For the past couple of days, I have focused on specific text-to-text generation tasks, including legalese to plain English translations and prose to poetry translations.
Legalese is the type of writing used in legal documents that can be very difficult to understand for the general public. Signed in 2010, the Plain Writing Act requires that Federal agencies promote clear communication so that the public can understand new laws and regulations that may affect them. There have also been many other movements promoting plain language, for example for lawyers to use plain English when they address the jury. An obvious market exists for translation tools that can effectively compress and simplify legalese.
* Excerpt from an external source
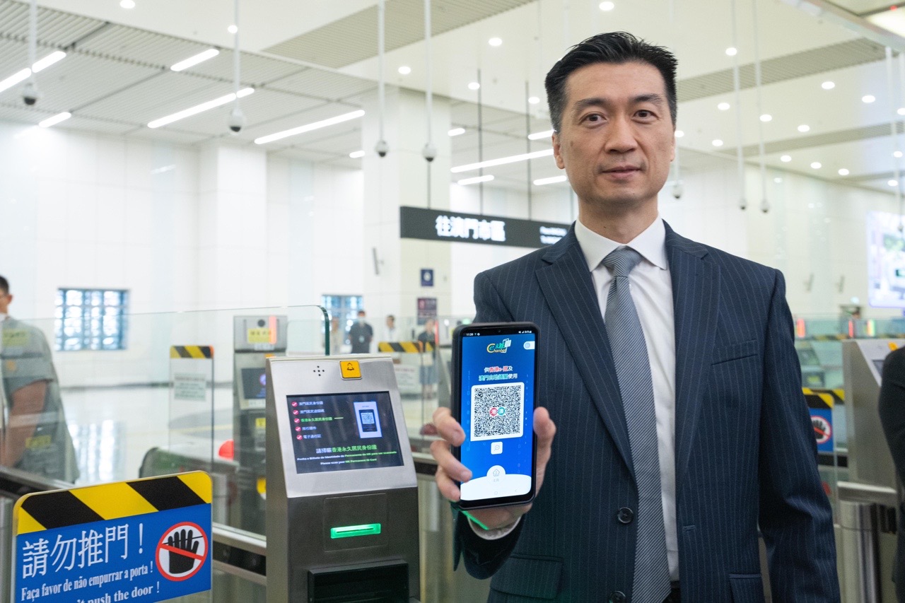 • 香港入境事務處柯重鈺助理處長現場示範香港居民使用“港澳通關二維碼”入境澳門

As stated in my previous post, I have been collecting translations from legalese to plain English. I now have more than 200 different passage translations, along with approximately 700 different key phrase translations. These key phrases include English-to-English rewording, such as replacing “concerning the matter of” with the more colloquial word “about,” and common Latin phrase translations that are often used in legalese, for example translating the phrase “corpus delicti” as “material evidence.” A major challenge of this translation task is the breakdown of sentences; many times when translating from legalese to plain English, sentences are combined and sometimes deleted. So through translation, paraphrasing will need to take place across different sentences to result in more accurate translations. Another challenge will be dealing with the visual display of the translation; if the legalese contains a list of items or notes, in the translation, this list is structured so that each item gets a new line. For example, the legalese statement, “Federal employees are required to participate in this program if they are involved in the direct care of animals or their living quarters or have direct contact with animals (live or dead), their viable tissues, body fluids or waste” will be formatted as
“Federal employees must participate in this program if they:
- Take care of animals;
- Take care of animal living quarters;or
- Have other direct contact with:
- Live or dead animals;
- Viable animal tissues; or
- Animal body fluids or waste.”
I think a good place to start with this translation task is by focusing on paraphrasing singular sentences, specifically utilizing the key phrase translations I have collected.
Another interesting topic is the translation from prose to poetry. Writing poetry is viewed as a human intelligence tasks; a task that artificial intelligence could not possibly perform successfully. In fact, I have not been able to find any research papers discussing this translation task. The closest topics that I have found include translating Shakespeare to plain English (as discussed in the following research paper) and foreign language translation of poetry (discussed in this research paper). The latter topic addresses some of the difficulties foreseen when dealing with poetic rhythm and rhyming schemes.
Due to the lack of translated poetry from prose on the internet, I have been unable to successfully collect any passage translations. In order to go forward with this translation task, it may be necessary to post HITs on Amazon Mechanical Turk. The problem with this is it would require “Turkers” to write poetry, in which case every Turker will produce a different output. My suggestion is to collect input in the form of paraphrases and synonyms, instead of taking in sentence pairs. One reason being that collecting sentence pairs or prose-to-poetry as input seems challenging, if not impossible. Another reason because this type of translation will depend more on rhyming and syllable recognition, which will require a collection of synonyms and paraphrases, along with a collection of words or phrases that rhyme and convey the same meaning.
In addition to researching legalese-to-plain English and prose-to-poetry translations, I have also spent more time looking at the java code and the pipeline of the Joshua Decoder to learn more about how the decoder works. I plan on attending a tutorial on the Joshua Decoder tomorrow to further my understanding.